Myelin Oligodendrocyte Glycoprotein Antibody
Myelin oligodendrocyte glycoprotein (MOG) is a CNS antigen expressed on the myelin sheath. Approximately 5% of patients with neuromyelitis optica spectrum disorder (NMOSD) test negative for anti-neuromyelitis optica antibody (anti-AQP4) but have detectable antibodies against myelin oligodendrocyte glycoprotein (anti-MOG). The presence of anti-MOG antibodies appears to define a different subset of patients with NMOSD. Patients with anti-MOG antibodies have some different clinical features than patients who are positive for anti-NMO antibodies such as:
- Proportionally more men affected
- More frequent simultaneous bilateral optic neuritis
- Fewer painful tonic spasms
- Spinal cord lesions mainly occur in the lower portion of the spinal cord
Patients who are positive for anti-MOG antibody tend to have better outcomes than those who are anti-AQP4-positive.
The presence of anti-MOG is also helpful to distinguish NMOSD from multiple sclerosis (MS). Detection of MOG-IgG implies an inflammatory demyelinating disorder distinct from MS. This distinction is important because MS therapies may worsen MOG-IgG associated NMOSD.
Seropositivity for MOG-IgG in NMOSD disorders including optic neuritis (OT), transverse myelitis (TM), and acute disseminated encephalomyelitis (ADEM) is predictive of relapse and supports aggressive therapy with IV steroids and therapeutic plasma exchange.
References
Kitley J, Woodhall M, Waters P, et al. Myelin-oligodendrocyte glycoprotein antibodies in adults with a neuromyelitis optica phenotype. Neurology 2012; 79:1273.
Sato DK, Callegaro D, Lana-Peixoto MA, et al. Distinction between MOG antibody-positive and AQP4 antibody-positive NMO spectrum disorders. Neurology 2014; 82:474.
Kitley J, Waters P, Woodhall M, et al. Neuromyelitis optica spectrum disorders with aquaporin-4 and myelin-oligodendrocyte glycoprotein antibodies: a comparative study. JAMA Neurol 2014; 71:276.

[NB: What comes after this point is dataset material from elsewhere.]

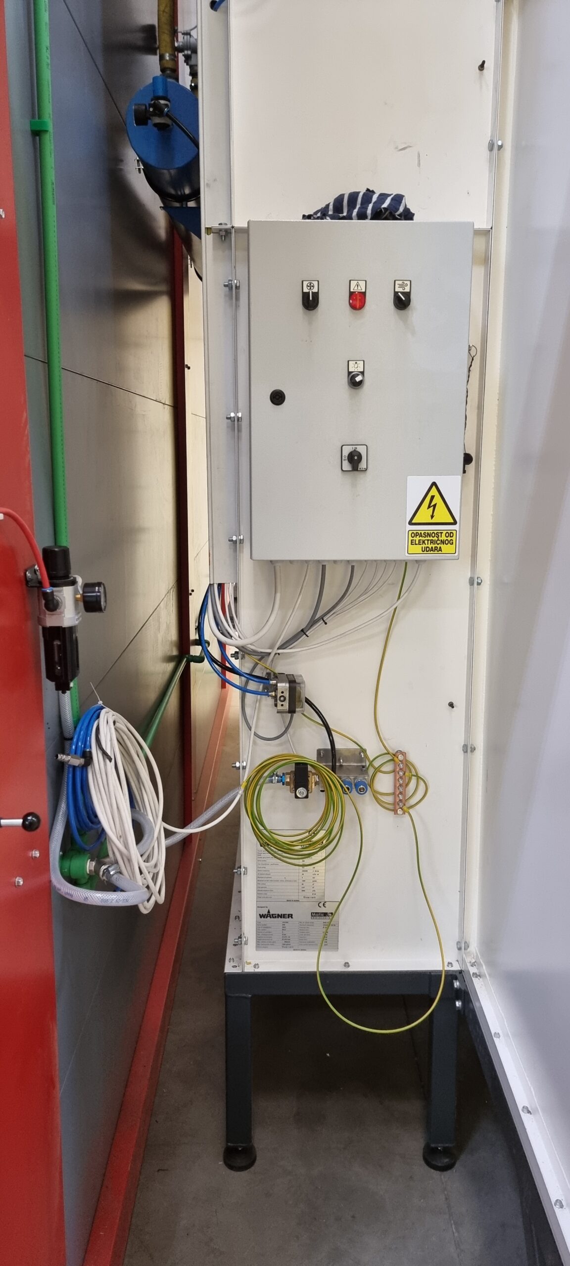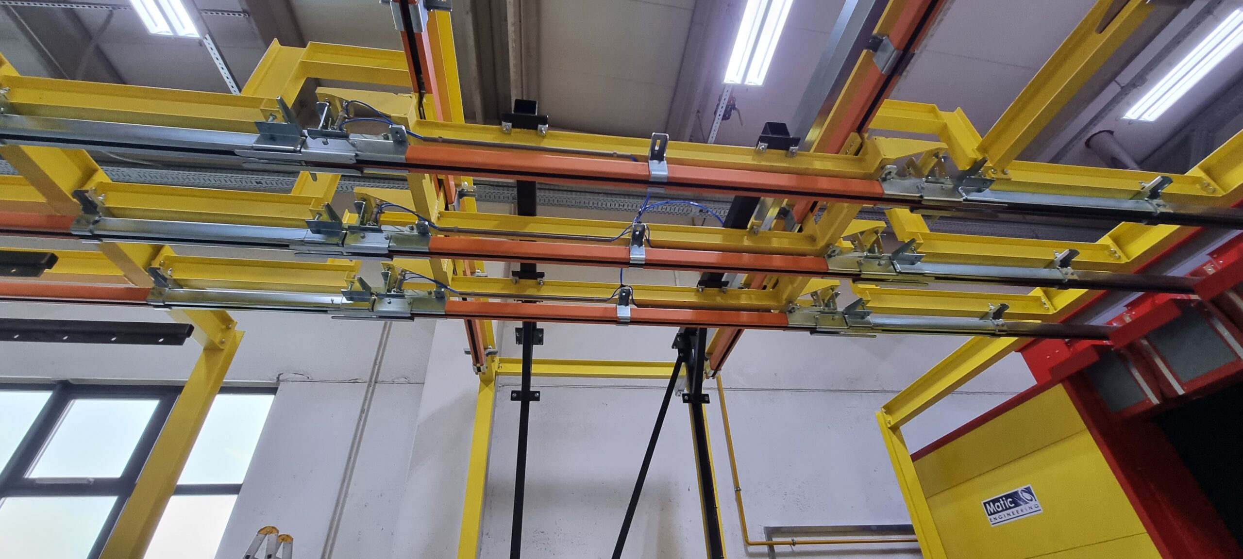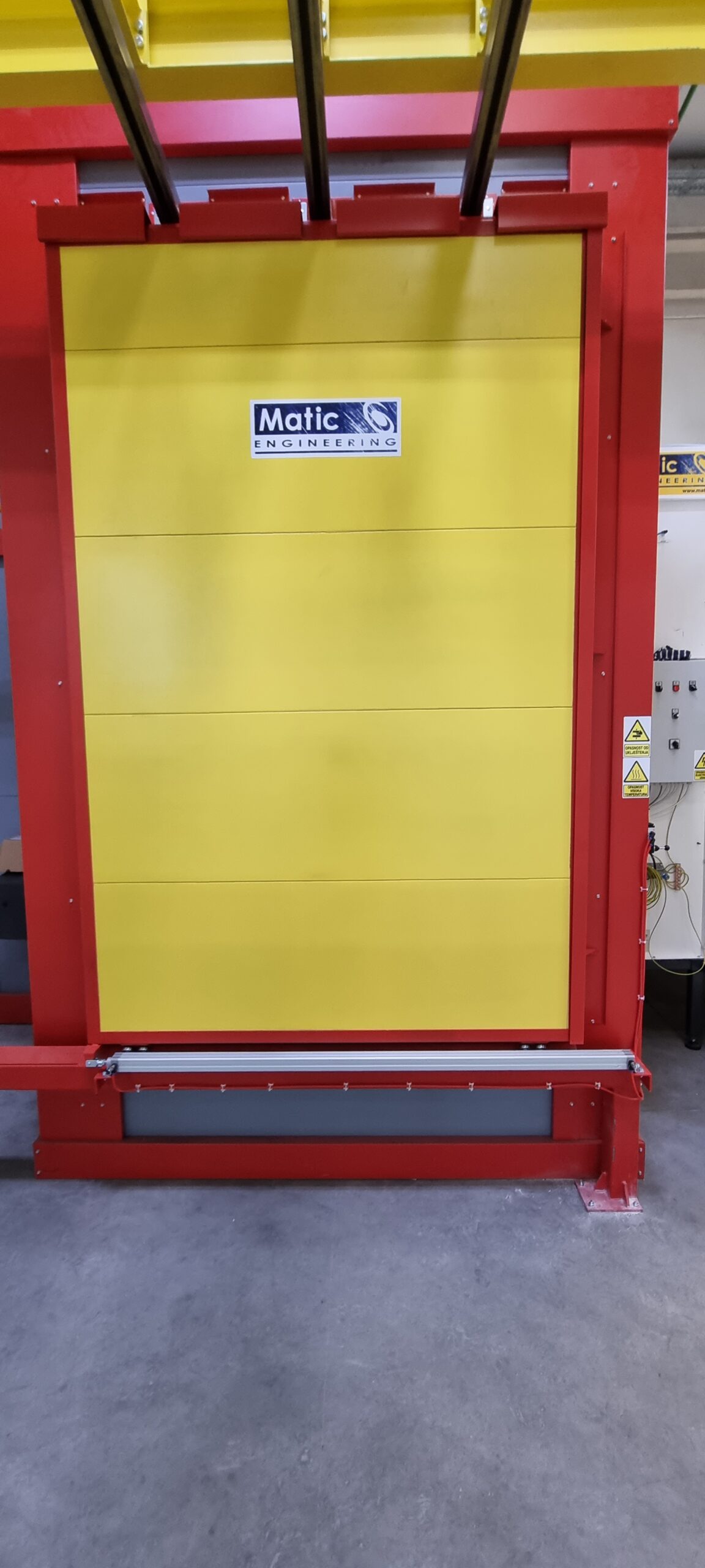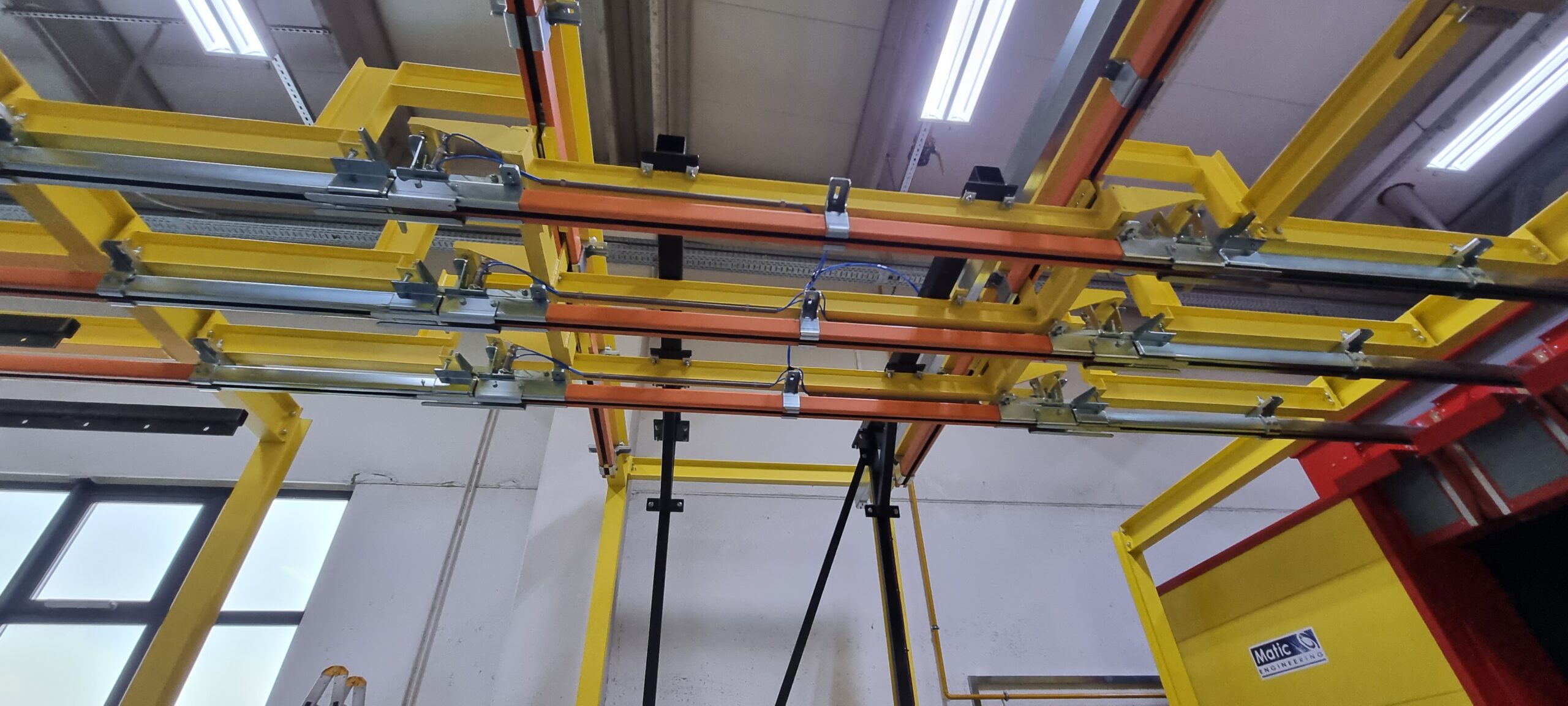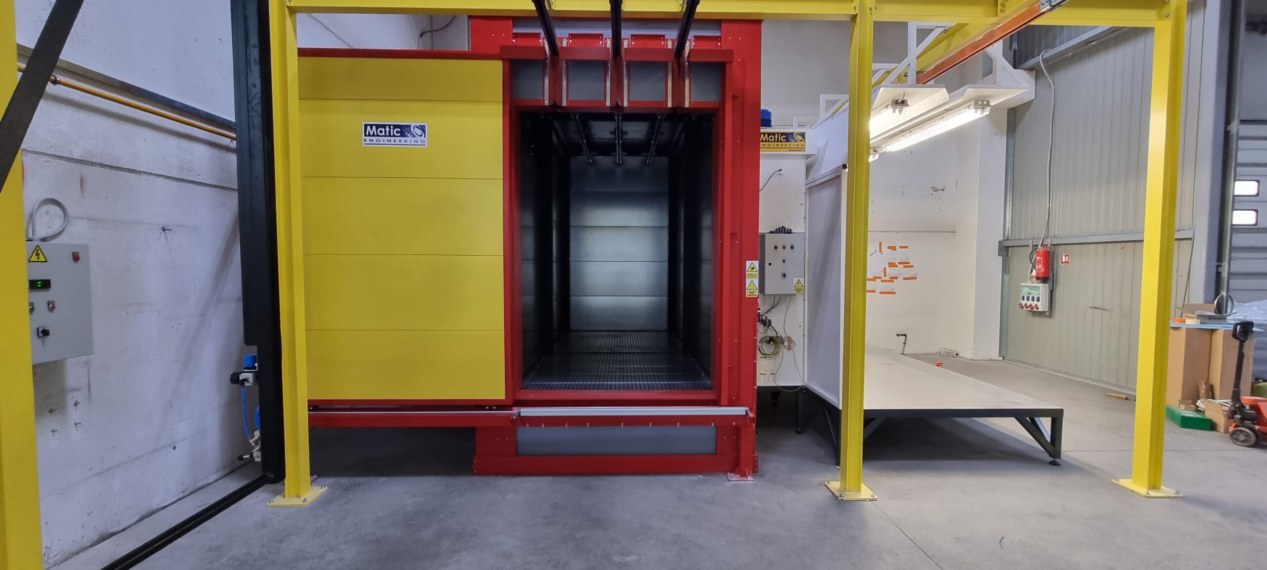 Ručno postrojenje za elektrostatičko farbanje prahom. Peć za polimerizaciju na priordni gas sa maksimalnim mogućim dimenzijama radnog komada od 4500 x 2000 x 1600 mm. WAGNER Basic 8000 kabina za farbanje bez rekuperacije praha i uređaj za farbanje WAGNER PRIMA Sprint X AirFluid. Sve celine objedinjuje ručni šaržni trasnportni sistem sa translatornim i linijskim kretanjem. Šaržer se kontroliše komprimovanim vazduhom i pomoću pneumatskih zabravljivača se pozicionira na željenje pozicije. Maksimalna nosivost jedne nosiljke je 300 kg. Proizvođač transporta je Railtehniek GmbH iz Holandije.

Wang JJ, Jaunmuktane Z, Mummery C, et al. Inflammatory demyelination without astrocyte loss in MOG antibody-positive NMOSD. Neurology 2016; 87:229.
Weinshenker BG, Wingerchuk DM. The two faces of neuromyelitis optica. Neurology 2014; 82:466.
Levy M. Does aquaporin-4-seronegative neuromyelitis optica exist? JAMA Neurol 2014; 71:271.